Post office adventures

Even more importantly, Kolkata was warm! Actually nice and hot during the day and perfect temperature at night- just enough to need a light long sleeve. We were finally warming up! It was also a good test to know what to send home in terms of our hiking gear. After Marieke and I’s last post office experience 11 years ago, we knew it was going to be an adventure. We headed to one nearby post office and were told we needed to obtain our own boxes, with no indication of where we could get those. We found a few packaging places far away but a reddit search indicated we should go to our local supermarket and ask for leftover boxes. That was a success! A lovely kid at the market helped us put them together, sold us a roll of tape and we headed back to another post office.

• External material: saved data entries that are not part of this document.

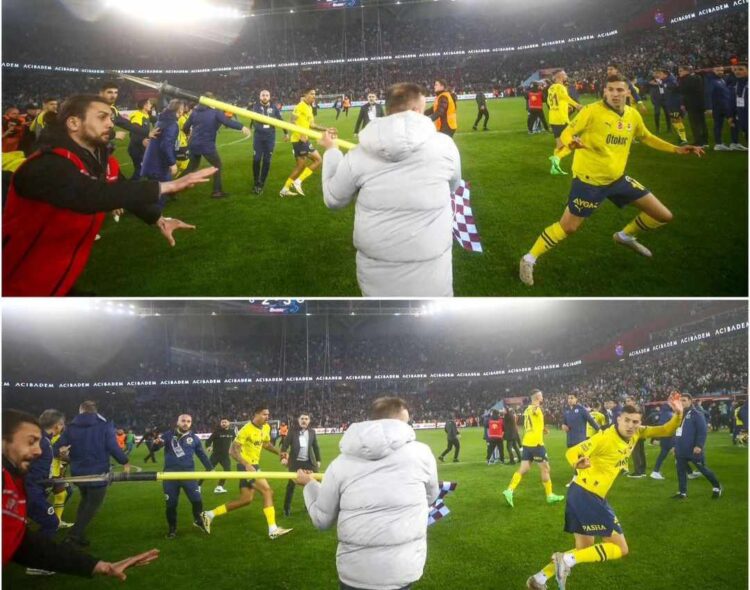 Και δεν είναι μόνο αυτό. Όπως φαίνεται στις φωτογραφίες που κυκλοφόρησαν οι οπαδοί της Τράμπζονσπορ εισέβαλλαν στο χορτάρι με αιχμηρά αντικείμενα, όπως μαχαίρια και ρόπαλα, με τους παίκτες της Φενέρ που ήρθαν στα χέρια μαζί τους (κυρίως οι Σάμιουελ, Οστερβόλντε και Μπατσουαγί) να διατρέχουν κίνδυνο μέχρι και για τη ζωή τους, καθώς φορούσαν μόνο τη φανέλα, το σορτσάκι και τα ποδοσφαιρικά τους.
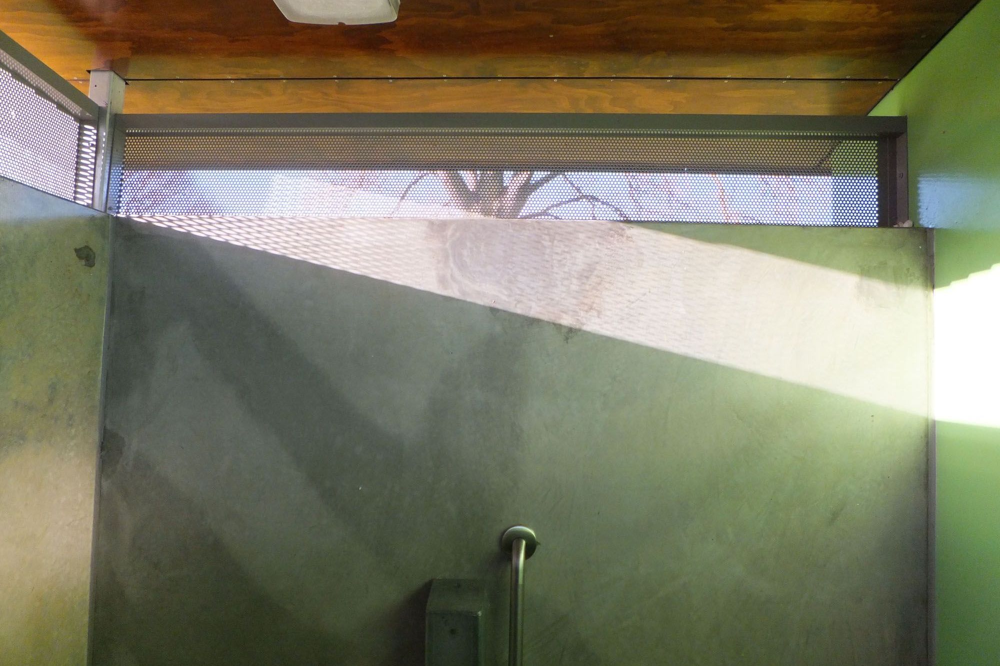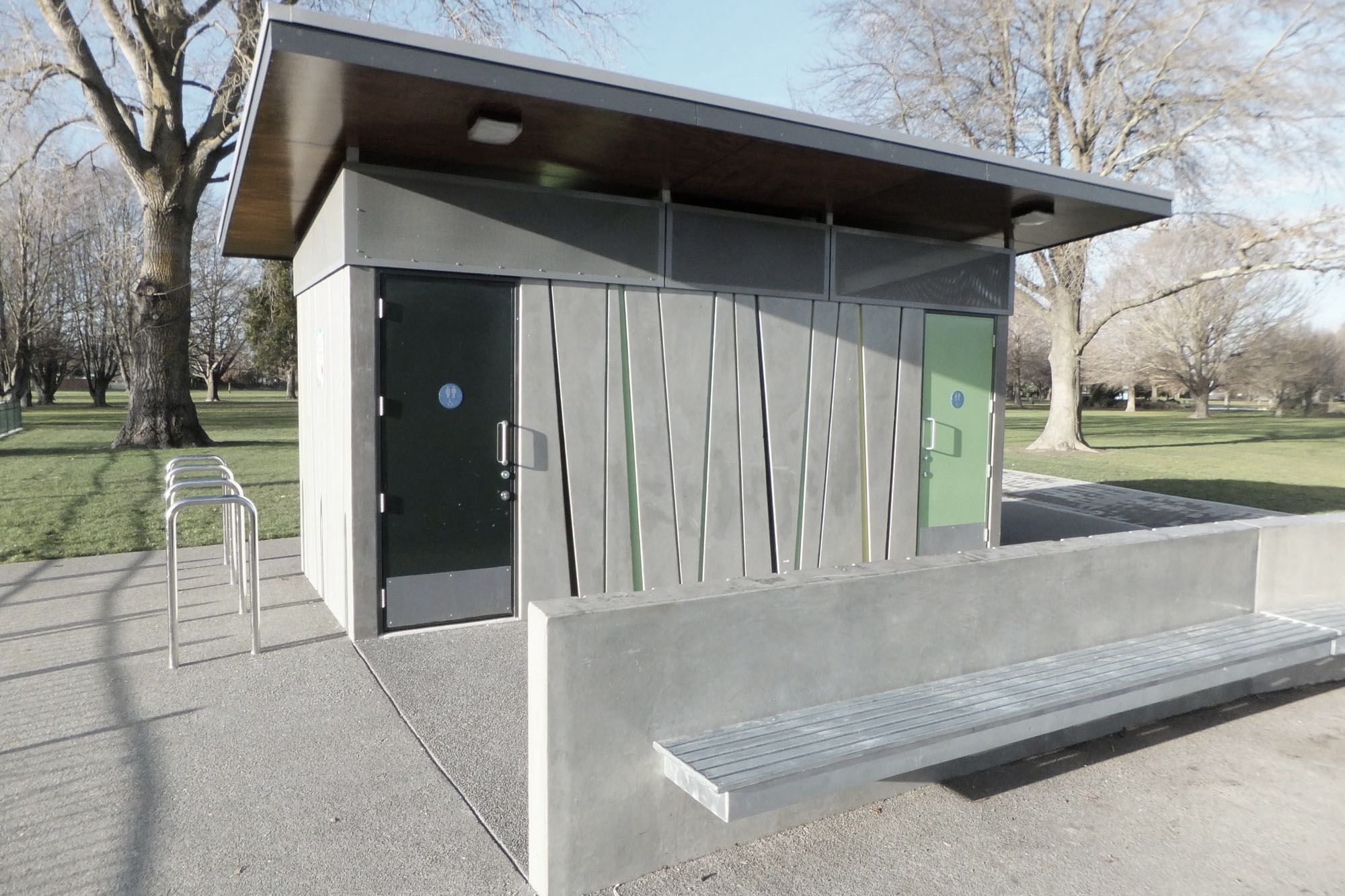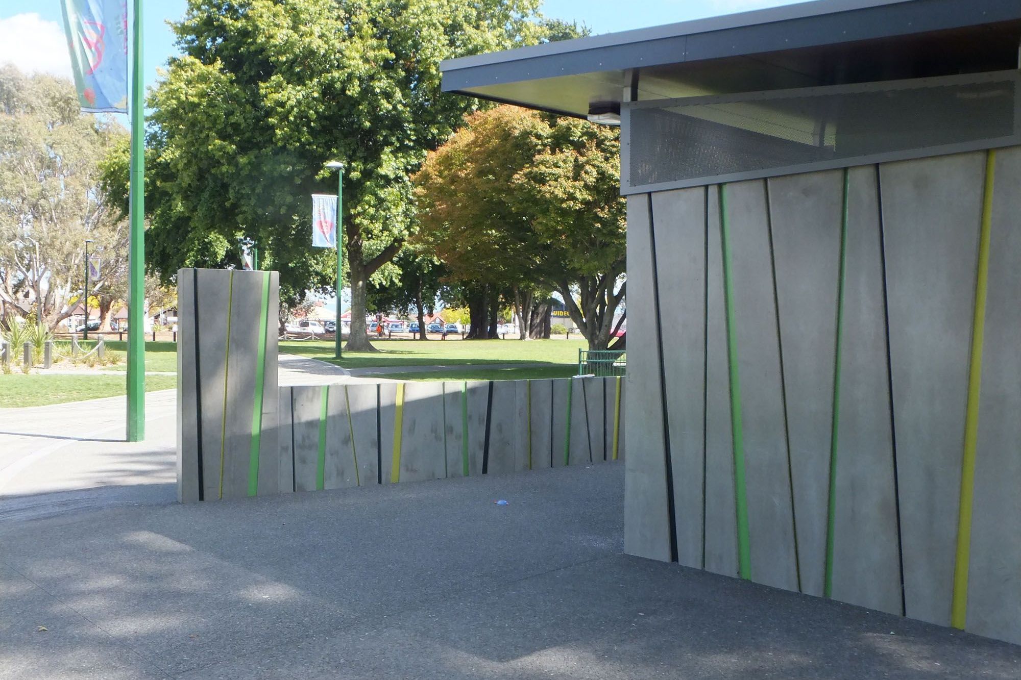 ArchiPro Project Summary - Flaxmere Park Toilets: A compact, innovative facility that enhances park experience through airy design, featuring robust precast concrete walls adorned with variegated flax-inspired colors, complemented by a functional lobby area with seating and a drinking fountain.
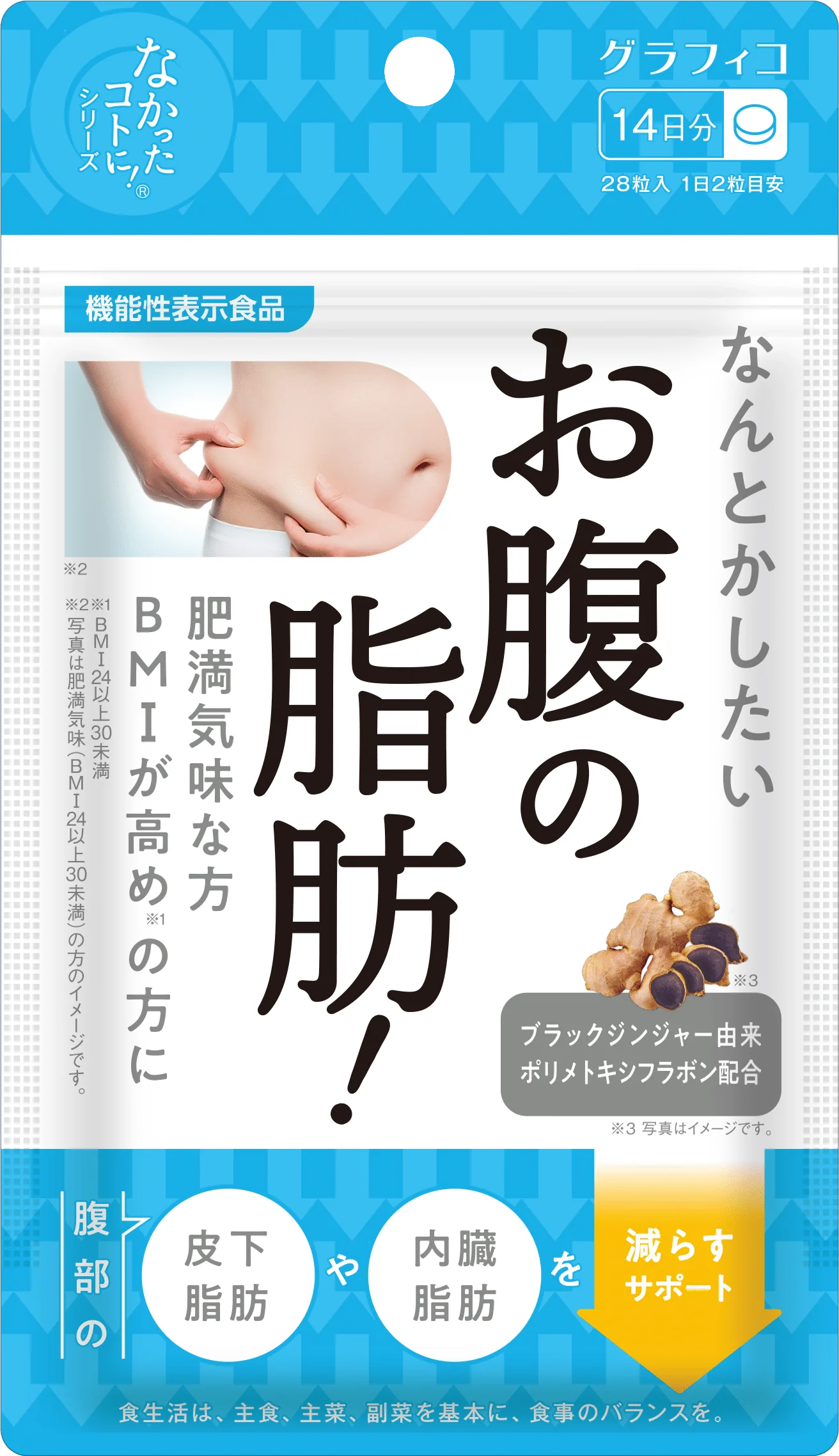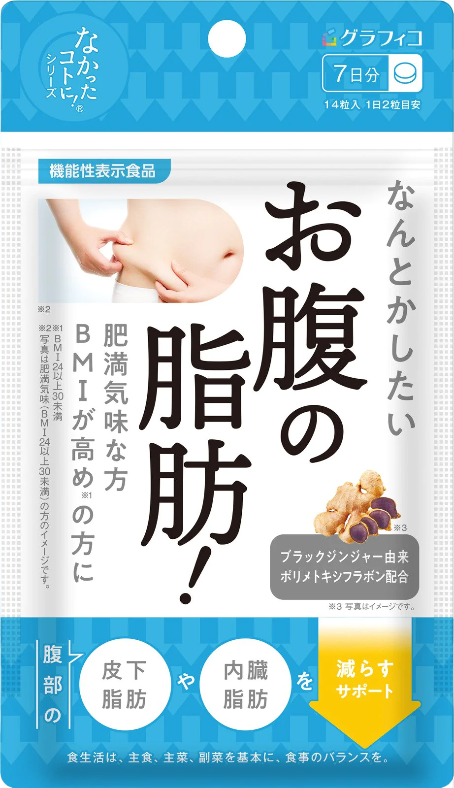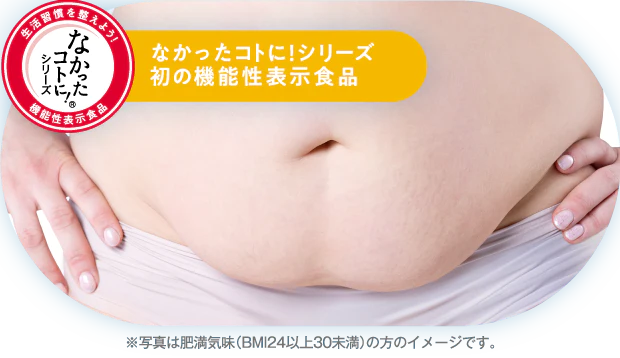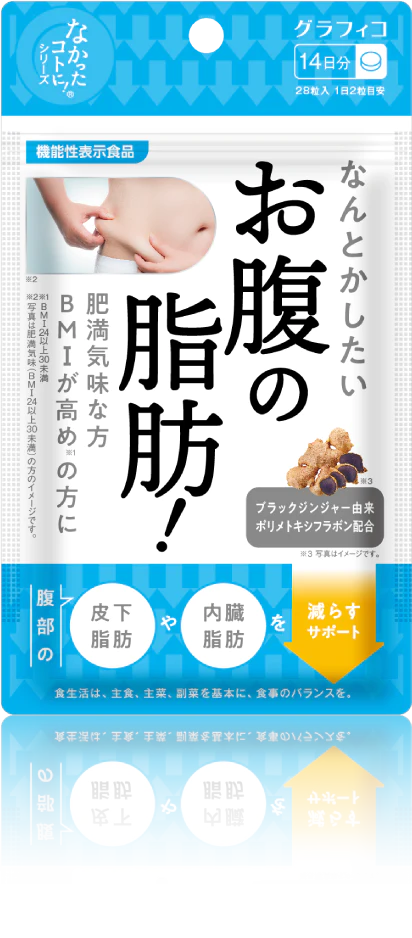 本品にはブラックジンジャー由来ポリメトキシフラボンが含まれます。ブラックジンジャー由来ポリメトキシフラボンは、日常生活字のエネルギー代謝において脂肪を消費しやすくする作用により、肥満気味の方、BMIが高め(BMI24以上30未満)の方の腹部の脂肪(内蔵脂肪及び皮下脂肪)をへらす機能があることが報告されています。
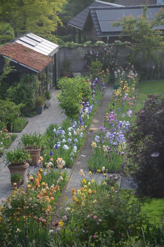 einzelblüten zu fotografieren schaffe ich derzeit nicht, dies ist der alte (noch unverpflanzte) irisbeetteil gestern abend, nach zwei wochen abwesenheit.
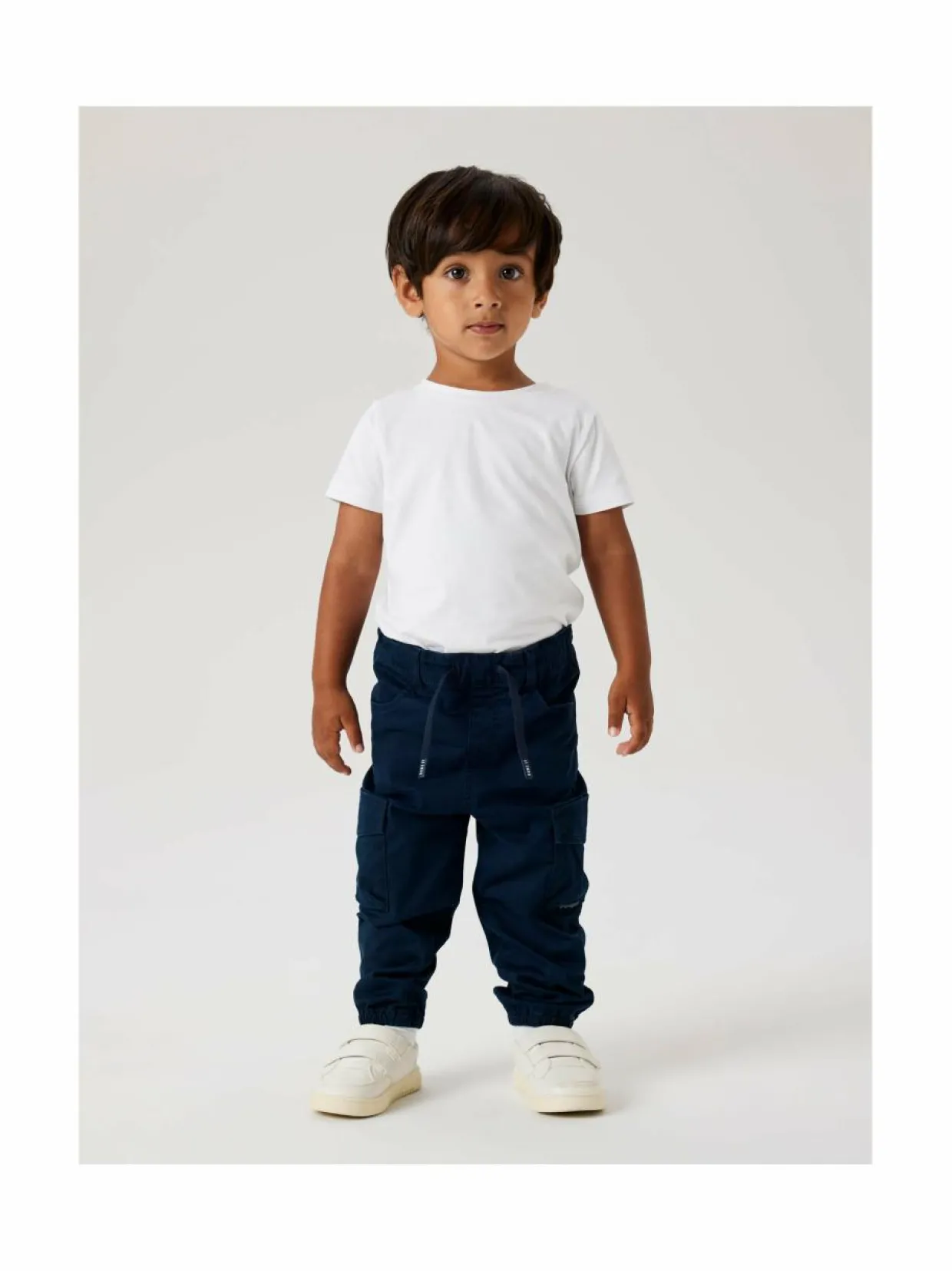 Name It -merkin cargohousut sopivat hyvin arkeen ja ulkoiluun. Housut on valmistettu pehmeästä puuvillakankaasta, jossa on hieman elastaania tuomaan joustavuutta ja liikkumavapautta. Cargotyyliin kuuluvat reilut reisitaskut ovat kätevät pienten aarteiden säilytykseen, ja joustava vyötärö sekä lahkeensuut varmistavat hyvän istuvuuden.

When we arrived the tape wallas/hustlers tried to convince us that our clear tape we were packing with wouldn’t be accepted and that we needed their special brown tape, but the customer service agent let us know we were fine. With many instructions and about an hour later, we were all packaged up, with hiking boots, sleeping bags and rain jackets sent to Canada. We paid, received a tracking slip, and proceeded with our day, checking out the famous South Street Cemetery. Inside the atmospheric cemetery, Jon’s phone started ringing. As it was his Indian number that hadn’t been given to anyone yet, we all looked at each other. Was it someone calling from the grave? An old British officer?
No, it was just the post office, our efficient customer service agent who had apparently been too efficient, and given us too much change. Marieke understood the mistake and said we would be back before closing at 6pm. We continued on our day, walking across the city to the national library, apparently the country’s largest. Whether it was because we arrived near sunset or were foreigners, it certainly didn’t feel like the largest library from the area we were allowed to access. But the grounds were really lovely. It was also very strict on the silence rule, so with our phone switched off, we missed another call from the post office, who was worried we were not going to make it on time.
We grabbed a cab that said we would make it there before 5:30pm, but of course the traffic was horrendous. We eventually got out, dodging cars to cross the busy street and arrived at 5:50pm, greeted to a look of relief by the agent. We paid up, shook hands with him and grabbed dinner. Our last day we decided to skip the traffic and headed to the metro. It was clean, quick, easy to use, cheap and air conditioned. Unsurprisingly, it was packed. Definitely the way to go though.

We walked around the old part of the city, dodging cows in narrow alleys and checking out old colonial buildings, including the marble palace, a 19th century former mansion with opulent gardens and artwork. We made our way to the Indian museum, the largest in the country, before heading back for dinner. Despite the traffic, overall, we enjoyed the city.
Our last day we checked out at 11am and headed to the train station, leaving our bags at the cloak room and heading to Chandanagar, a former French colonial town up the Hooghly river before our 8:30pm overnight train to Varanasi.